Trecho d'A Brincadeira

Assim, depois de tantos anos, voltava de novo a casa. De pé, na praça principal (que, criança, depois rapaz, depois jovem, atravessara mil vezes), não sentia qualquer emoção; pelo contrário, pensava que aquele espaço onde a torre do sino (parecida com um antigo cavaleiro sob o seu elmo) se vê acima dos telhados, lembrava a vasta parada de um quartel, e que o passado militar daquela cidade da Morávia, outrora muralha contra as incursões dos Magiares e dos Turcos, imprimira nela a marca de uma irrevogável fealdade [fealdade é referente a algo feio].

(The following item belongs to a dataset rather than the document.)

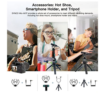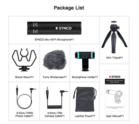 Compact and lightweight microphone.With the all-metal CNC aluminum alloy microphone tube, this compact microphone itself is only 3.19 inches long, portable for different scenes. And the whole set (microphone + shoe + tripod + phone clamp), only weighs 9.17oz, no problem to record for a long time with this extremely light little thing. | Universal compatibility.The SYNCO Mic-M1P microphone can work with DSLR cameras, camcorders, audio recorders, iPhone and Android smartphones, tablets and laptops, ideal for making microfilm, SLR recording, interviewing, live streaming, etc. | Accessories.SYNCO Mic-M1P provides a complete set of accessories to meet different recording demands, including hot shoe mount, smartphone mount with adjustable range from 2.2 '' to 3.5 '', 360 ° swivel ball head tripod, and TRS / TRRS cables 3.5mm, it will greatly facilitate video / audio recording. A spirit level fitted in the smartphone holder to calibrate the horizontal and vertical levels could also bring more convenience. |

Durante anos, nada me atraíra à minha cidade natal. Dizia-me que ela se me tinha tornado indiferente, e isso parecia-me natural: ao fim de quinze anos vividos fora, só me restam alguns conhecidos, ou mesmo

os amigos (que prefiro, de resto, evitar); a minha mãe está enterrada num túmulo estrangeiro, que não visito. No entanto iludia-me: aquilo que eu chamava indiferença era na realidade rancor; escapavam-me as razões, pois tinham-me acontecido coisas boas ou coisas más nesta cidade como em todas as outras, em todo o caso esse rancor existia.

Introdução do livro "A Brincadeira", de 1967.

SOBRE O AUTOR

Milan Kundera nasceu em 1929 em Brno, na Checoslováquia. Operário, depois pianista de bar, acabou por se consagrar à literatura e ao cinema, tendo sido durante vários anos professor no Instituto de Altos Estudos Cinematográficos de Praga. Após a invasão soviética de 1968, foi demitido das suas funções e todos os seus livros foram retirados do mercado. Havia já publicado A Brincadeira (1967) e O Livro do Amores Risíveis (1968), este último Prêmio da União de Escritores Checoslovacos. A partir dessa data, a sua obra deixa de poder ser publicada na Checoslováquia e as primeiras edições dos novos livros surgem já em

tradução francesa. É em França, aliás, que em 1975 fixa residência, sendo convidado para professor universitário. Quatro anos mais tarde, reagindo à publicação de O Livro do Riso e do Esquecimento, o governo checo retira-lhe a nacionalidade.